So-called Odd Radio Circles (ORCs) are the products of vast outflows of gas from galaxies generating stars at a phenomenal rate. A team of astronomers have concluded supernovae within those galaxies are pumping out enormous winds, with the ORCs as the end product. That might have been the explanation all along, had it not been for the mind-blowing size of this phenomenon, which led to the idea initially being considered unlikely.
Until recently, radio telescopes could only focus effectively on small areas of the sky at a time. Anything too big became effectively invisible. Instead of photographing random patches of sky, as we have done with optical telescopes, there has been a tendency to focus on places where results from other wavelengths lead us to expect to find something.
That changed with the building of the Murchison Wide Field Array and the Australian Square Kilometre Array Pathfinder (ASKAP), which capture such large areas that broad surveys become possible. In 2020, astronomers using the ASKAP discovered large, roughly circular areas of the sky are emitting at similar wavelengths. After satisfying themselves these were not a result of equipment error, but not coming up with any other satisfactory explanation, the discoverers called them ORCs. The name is accurate, reminiscent of Middle Earth, and doesn’t contain any guesses about the cause that might turn out to be wrong. It’s also less likely to offend than WTF, which was the first effort.
Back then one of the discoverers, Professor Ray Norris of Western Sydney University told IFLScience, “We don’t see circles like this any other way, except supernova remnants. And these are no supernova remnants.”
According to a newly published paper, however, that is exactly what they are.
Norris and the rest of the team who found the ORCs thought they couldn’t be supernova remnants because they were too big. All the ORCs we have found have quite distant galaxies near their centers, and many exist too far from the galactic plane to be likely to be part of the Milky Way. However, given their angular size, if they really do originate from these galaxies then ORCs are so large they bend the minds of even the sort of people who bend others’ minds with scale for a living. Powerful as supernovae are, they shouldn’t be able to create blast radii millions of light-years wide.
However, according to Professor Alison Coil of the University of California, San Diego and co-authors, what one supernova can’t do, many working together can.
Starburst galaxies produce stars, often very massive ones, at a rate many times greater than the Milky Way. The more massive a star, the shorter its life, and if the mass is greater than eight solar masses it ends as a supernova. Consequently, any galaxy that has been in a starburst phase for tens of millions of years has plenty of exploding stars. Although there may be years between each bang, by astronomical standards these explosions almost coincide.
That, according to Coil, accelerates winds carrying gas equal to 200 times the mass of the Sun to 2,000 kilometers per second (4,500,000 mph or almost 1 percent of light speed). That’s enough to push some of the gas out beyond the stars’ galaxy. Electrons stripped from the gas go even further.

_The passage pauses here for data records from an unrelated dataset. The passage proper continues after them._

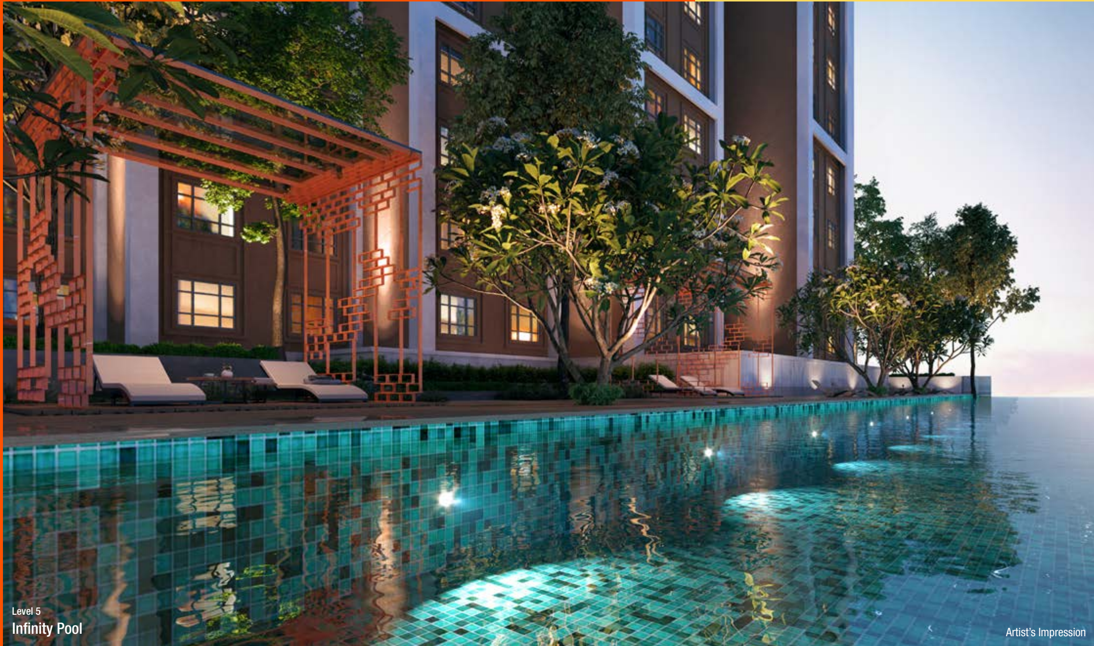
Level 5 Infinity Pool
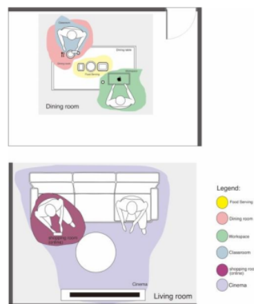
Figure 3. Mapping one of picnic space in domestic environment

Shopping and cooking are the daily activities to meet daily needs (de Certeau et al., 1998). Those activities are undoubtedly inseparable from the domestic environment. However, what is currently happening is that activity restrictions do not allow us to shop at the market/mall hence the use of online shopping activities. In addition, work and school activities that usually require us to eat out are currently happening in a domestic environment. So that at work/school, what happens is to bring up a restaurant in the domestic environment through a food delivery service application. We can easily visit several restaurants at the same time. So that food can construct the domestic environment into a restaurant that we usually visit. Another picnic activity is visiting several places outside the domestic environment, although currently, we can only visit them virtually. That makes it easier for us to see what a place we want to visit looks like; with advances in technology, we can quickly move from one place to another. Although it does not deliver the atmosphere directly, this activity may serve as a picnic in the domestic space.
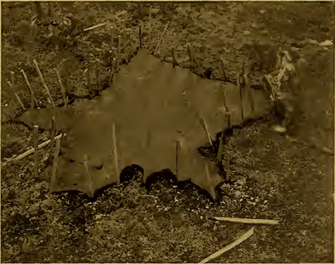
A MISTINIPI BEARSKIN
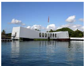
Oahu | Pearl Harbor, Arizona & Punchbowl
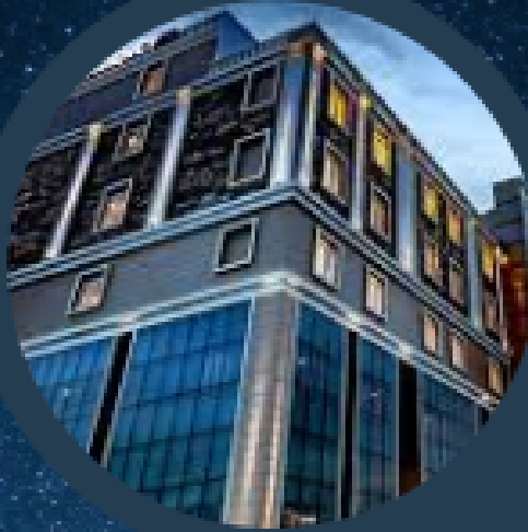
PP Residency 14km (20mins)

4km Away From Kelambakkam (Hindustan Institute Of Technology And Science)
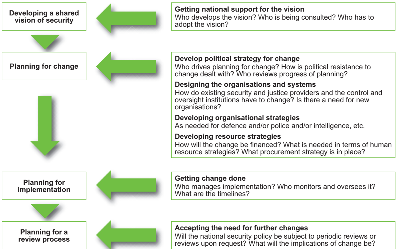
Figure 1: Questions to ask when developing security policies 3

and justice. Non-state security actors should therefore be included in processes of developing and implementing security policies.
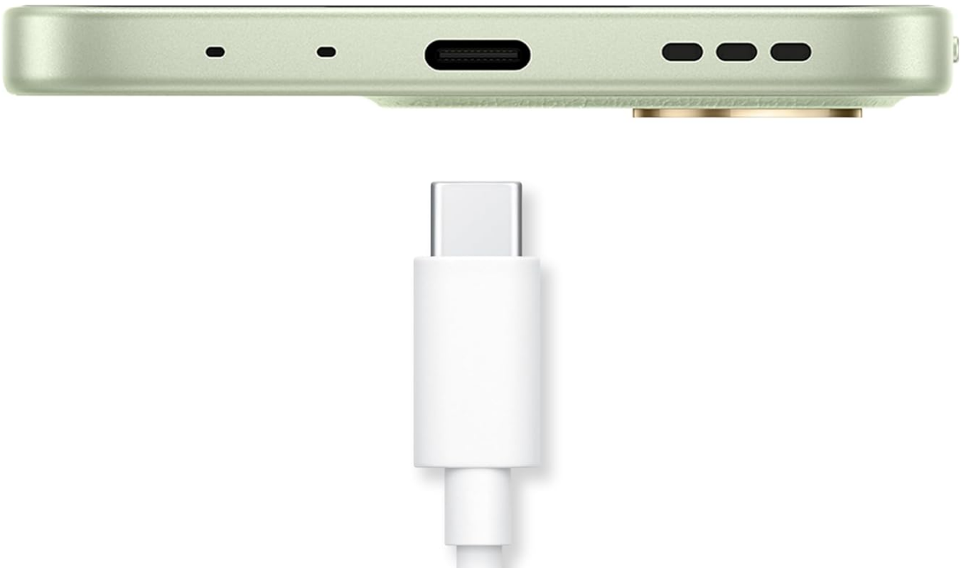
Figure 6: The device supports 45W SUPERVOOC™ fast charging technology.

ORCs’ other original odd feature was that initially no one could find any sign of them at wavelengths short enough to be viewed by other types of telescopes. Coil decided to keep trying, and used the Keck Observatory to examine ORC 4. She found a high concentration of hot, very compressed ionized gas out to a distance of about 130,000 light-years from the central galaxy. That’s only about a 10th of the distance at which the radio waves have been detected, but provides a possible source for the electrons thought to be producing those radio emissions.
Like all large galaxies, this one is the product of galactic mergers. Unlike the Milky Way, however, Coil and co-authors think it was formed from two galaxies of similar size, rather than a series of smaller ones being consumed. “The merger pushes all the gas into a very small region, which causes an intense burst of star formation. Massive stars burn out quickly and when they die, they expel their gas as outflowing winds,” Coil said in a statement.

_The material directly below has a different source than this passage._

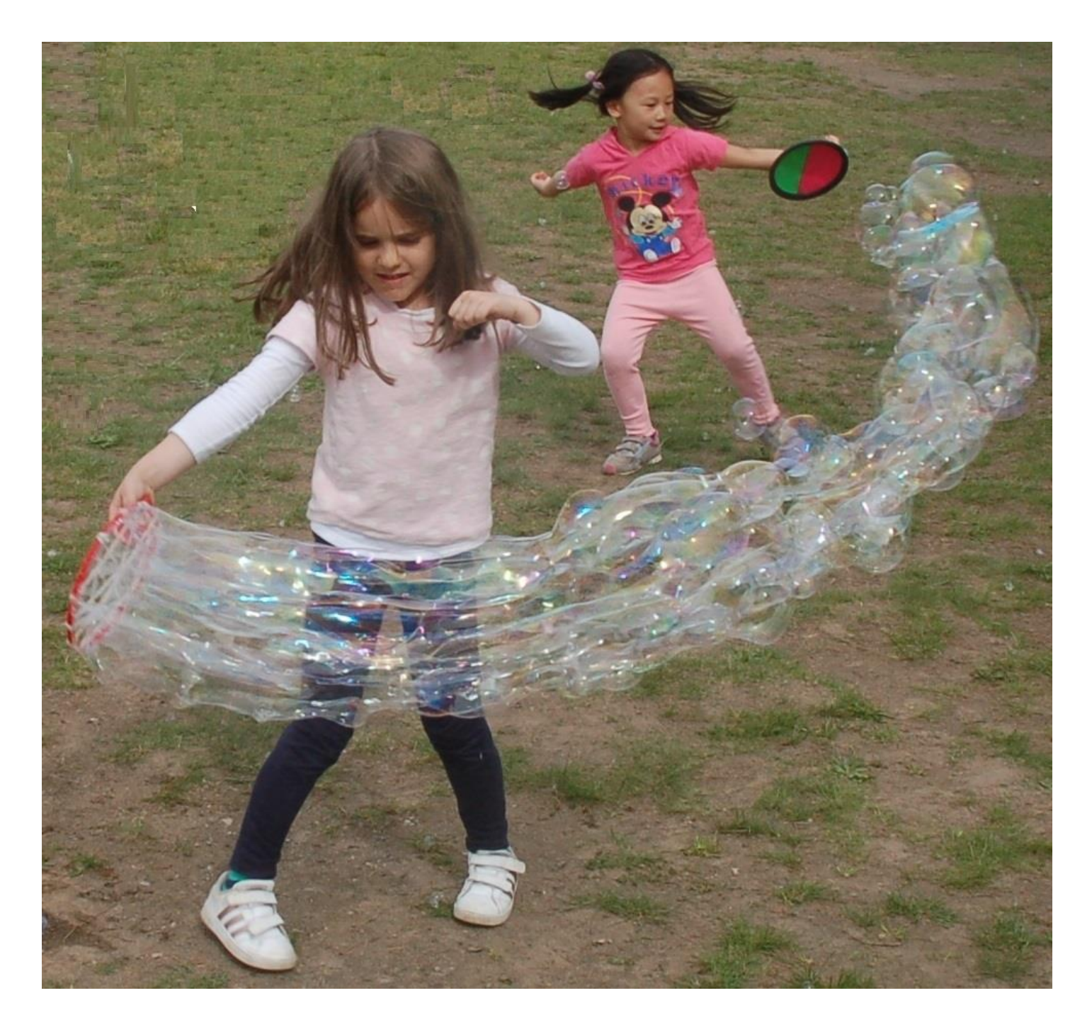
Added together you get bubbles for creating and catching.

Eventually, galaxies run out of the material to form new stars. “There was a burst of star formation in this galaxy, but it ended roughly a billion years ago,” Coil said.
Simulations run by team member Dr Cassandra Lochhaas of the Harvard & Smithsonian Center for Astrophysics indicate rings produced by the gas outflow can last for 750 million years. Within this ring, cooler gas collapses back on the galaxy. The mismatch in time suggests there is still work to do, but the explanation may be approximately right.
“To make this work you need a high-mass outflow rate, meaning it’s ejecting a lot of material very quickly. And the surrounding gas just outside the galaxy has to be low density, otherwise the shock stalls. These are the two key factors,” said Coil. The combination is so rare, only five ORCs have so far been found.
The study is published in Nature.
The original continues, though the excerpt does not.